Suddenly at "2025-10-23T14:12:48.409+00:00", coming file paths from file notification queue started to be urlencoded. Hence, our pipeline gets file not found exception. I think something has changed suddenly and broke notification system. Here are the details:
Broken file path started to come from notification queue:
my-sink/prod/app_daily/year%3D2025/month%3D10/day%3D23/app_daily%2B5%2B35499048368.json.gz
The path discovered by directory listing:
my-sink/prod/app_daily/year=2025/month=10/day=23/app_daily+5+35499048368.json.gz
I found these by investigating the output of these query:
select * from cloud_files_state(TABLE(my_catalog.my_schema.app_daily_stream_v2))
order by create_time asc;
since (=) characted encoded as (%3D), our Declarative Pipeline fires this error:
org.apache.spark.sql.streaming.StreamingQueryException: [STREAM_FAILED] Query [id = 76ce493e-ed1e-48ce-bbda-1a9bb85cc9f7, runId = bee6661b-4319-469c-8a72-040dc517e9ff] terminated with exception: Exception thrown in awaitResult: [FAILED_READ_FILE.DBR_FILE_NOT_EXIST] Error while reading file s3://my-sink/prod/app_daily/year%3D2025/month%3D10/day%3D23/app_daily%2B5%2B35499048368.json.gz. [CLOUD_FILE_SOURCE_FILE_NOT_FOUND] A file notification was received for file:s3://my-sink/prod/app_daily/year%3D2025/month%3D10/day%3D23/app_daily%2B5%2B35499048368.json.gz. but it does not exist anymore. Please ensure that files are not deleted before they are processed. To continue your stream, you can set the Spark SQL configuration spark.sql.files.ignoreMissingFiles to true.

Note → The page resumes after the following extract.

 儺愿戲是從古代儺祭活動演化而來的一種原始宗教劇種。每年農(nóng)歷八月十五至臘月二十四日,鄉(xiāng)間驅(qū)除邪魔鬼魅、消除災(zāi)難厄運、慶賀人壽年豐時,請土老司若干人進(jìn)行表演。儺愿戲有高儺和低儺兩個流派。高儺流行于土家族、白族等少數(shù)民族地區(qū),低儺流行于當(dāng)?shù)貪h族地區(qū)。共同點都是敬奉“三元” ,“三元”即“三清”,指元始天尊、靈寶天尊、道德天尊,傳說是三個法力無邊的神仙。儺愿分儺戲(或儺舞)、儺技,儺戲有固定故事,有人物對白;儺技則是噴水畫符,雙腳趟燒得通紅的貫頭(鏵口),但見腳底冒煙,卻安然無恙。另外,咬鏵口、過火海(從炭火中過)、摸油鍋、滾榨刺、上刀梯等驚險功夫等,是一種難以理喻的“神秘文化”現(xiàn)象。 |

I checked s3 bucket and saw that the file is there. Since autoloader try to go to the encoded path, it started to fire this error.

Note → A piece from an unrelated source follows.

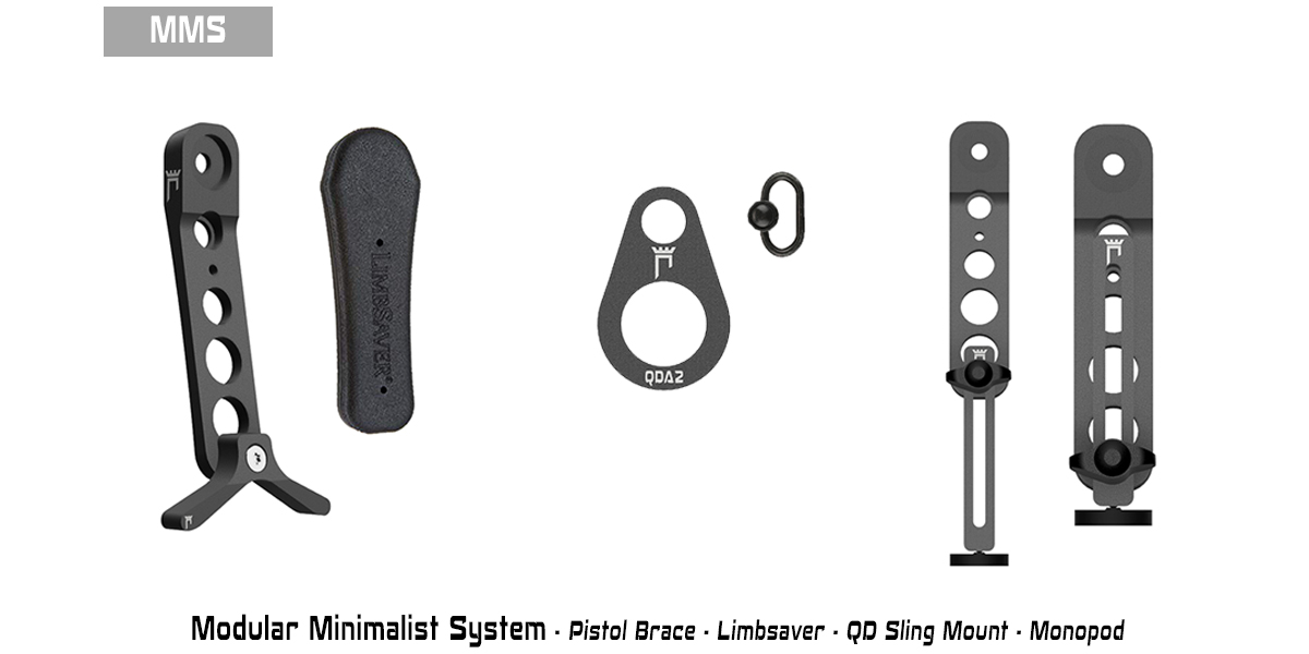 Featuring a QD sling connection and modularity with our (optinal) pistol brace, Limbsaver M4 butt pad, and monopod.

My problem is this: Currently, I cannot run the pipeline neither in file notification mode nor in directory listing mode without using skipMissingFiles=true option since auto loader state is dirty with these uncommitted wrong file paths. I don't want to useSkipMissingFiles since it will skip all the data. Also, I do not want to run full refresh since the source is too big. I need to clear those broken urls from the autoloader's state.